* **Dataset content**:
·····
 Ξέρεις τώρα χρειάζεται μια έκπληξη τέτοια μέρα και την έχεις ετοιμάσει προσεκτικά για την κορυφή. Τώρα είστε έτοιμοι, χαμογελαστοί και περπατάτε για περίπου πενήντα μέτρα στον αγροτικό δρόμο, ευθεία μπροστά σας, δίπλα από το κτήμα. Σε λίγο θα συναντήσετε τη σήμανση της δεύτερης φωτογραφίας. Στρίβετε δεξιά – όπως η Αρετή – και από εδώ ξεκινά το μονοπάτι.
·····
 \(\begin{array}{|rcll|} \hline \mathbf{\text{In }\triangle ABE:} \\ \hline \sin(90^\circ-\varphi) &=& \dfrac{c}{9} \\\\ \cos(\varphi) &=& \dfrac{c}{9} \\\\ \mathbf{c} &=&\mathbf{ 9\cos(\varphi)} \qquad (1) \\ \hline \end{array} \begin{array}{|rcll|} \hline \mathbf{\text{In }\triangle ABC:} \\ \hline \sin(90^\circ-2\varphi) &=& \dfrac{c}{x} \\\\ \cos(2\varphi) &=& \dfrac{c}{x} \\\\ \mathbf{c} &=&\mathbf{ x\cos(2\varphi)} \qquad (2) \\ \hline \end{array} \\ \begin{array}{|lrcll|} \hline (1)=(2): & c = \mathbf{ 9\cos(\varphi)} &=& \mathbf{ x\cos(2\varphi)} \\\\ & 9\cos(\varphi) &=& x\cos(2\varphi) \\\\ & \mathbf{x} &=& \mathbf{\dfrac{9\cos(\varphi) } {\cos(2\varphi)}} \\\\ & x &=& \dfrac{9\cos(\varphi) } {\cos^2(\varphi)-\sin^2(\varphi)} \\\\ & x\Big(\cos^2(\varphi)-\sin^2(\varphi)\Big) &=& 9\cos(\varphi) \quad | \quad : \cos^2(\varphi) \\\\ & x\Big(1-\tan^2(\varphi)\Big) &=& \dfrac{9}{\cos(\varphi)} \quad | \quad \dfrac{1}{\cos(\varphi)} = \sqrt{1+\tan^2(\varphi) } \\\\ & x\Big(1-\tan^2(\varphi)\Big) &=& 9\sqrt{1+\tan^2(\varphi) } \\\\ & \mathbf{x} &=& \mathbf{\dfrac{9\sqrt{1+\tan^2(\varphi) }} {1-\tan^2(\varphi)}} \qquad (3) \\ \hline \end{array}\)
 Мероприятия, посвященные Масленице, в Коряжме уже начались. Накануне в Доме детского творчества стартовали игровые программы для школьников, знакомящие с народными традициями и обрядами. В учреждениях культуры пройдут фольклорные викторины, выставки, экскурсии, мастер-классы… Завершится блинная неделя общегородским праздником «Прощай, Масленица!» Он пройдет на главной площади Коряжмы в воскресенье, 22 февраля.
·····
* **Goal of the exercise**:
Please copy, exactly as written, every line in the listing above from the line with "(1) \\ \hline" up to and including the line with "Мероприятия, посвященные Масленице, в".

* **Answer to this problem**:
 \(\begin{array}{|rcll|} \hline \mathbf{\text{In }\triangle ABE:} \\ \hline \sin(90^\circ-\varphi) &=& \dfrac{c}{9} \\\\ \cos(\varphi) &=& \dfrac{c}{9} \\\\ \mathbf{c} &=&\mathbf{ 9\cos(\varphi)} \qquad (1) \\ \hline \end{array} \begin{array}{|rcll|} \hline \mathbf{\text{In }\triangle ABC:} \\ \hline \sin(90^\circ-2\varphi) &=& \dfrac{c}{x} \\\\ \cos(2\varphi) &=& \dfrac{c}{x} \\\\ \mathbf{c} &=&\mathbf{ x\cos(2\varphi)} \qquad (2) \\ \hline \end{array} \\ \begin{array}{|lrcll|} \hline (1)=(2): & c = \mathbf{ 9\cos(\varphi)} &=& \mathbf{ x\cos(2\varphi)} \\\\ & 9\cos(\varphi) &=& x\cos(2\varphi) \\\\ & \mathbf{x} &=& \mathbf{\dfrac{9\cos(\varphi) } {\cos(2\varphi)}} \\\\ & x &=& \dfrac{9\cos(\varphi) } {\cos^2(\varphi)-\sin^2(\varphi)} \\\\ & x\Big(\cos^2(\varphi)-\sin^2(\varphi)\Big) &=& 9\cos(\varphi) \quad | \quad : \cos^2(\varphi) \\\\ & x\Big(1-\tan^2(\varphi)\Big) &=& \dfrac{9}{\cos(\varphi)} \quad | \quad \dfrac{1}{\cos(\varphi)} = \sqrt{1+\tan^2(\varphi) } \\\\ & x\Big(1-\tan^2(\varphi)\Big) &=& 9\sqrt{1+\tan^2(\varphi) } \\\\ & \mathbf{x} &=& \mathbf{\dfrac{9\sqrt{1+\tan^2(\varphi) }} {1-\tan^2(\varphi)}} \qquad (3) \\ \hline \end{array}\)
 Мероприятия, посвященные Масленице, в Коряжме уже начались. Накануне в Доме детского творчества стартовали игровые программы для школьников, знакомящие с народными традициями и обрядами. В учреждениях культуры пройдут фольклорные викторины, выставки, экскурсии, мастер-классы… Завершится блинная неделя общегородским праздником «Прощай, Масленица!» Он пройдет на главной площади Коряжмы в воскресенье, 22 февраля.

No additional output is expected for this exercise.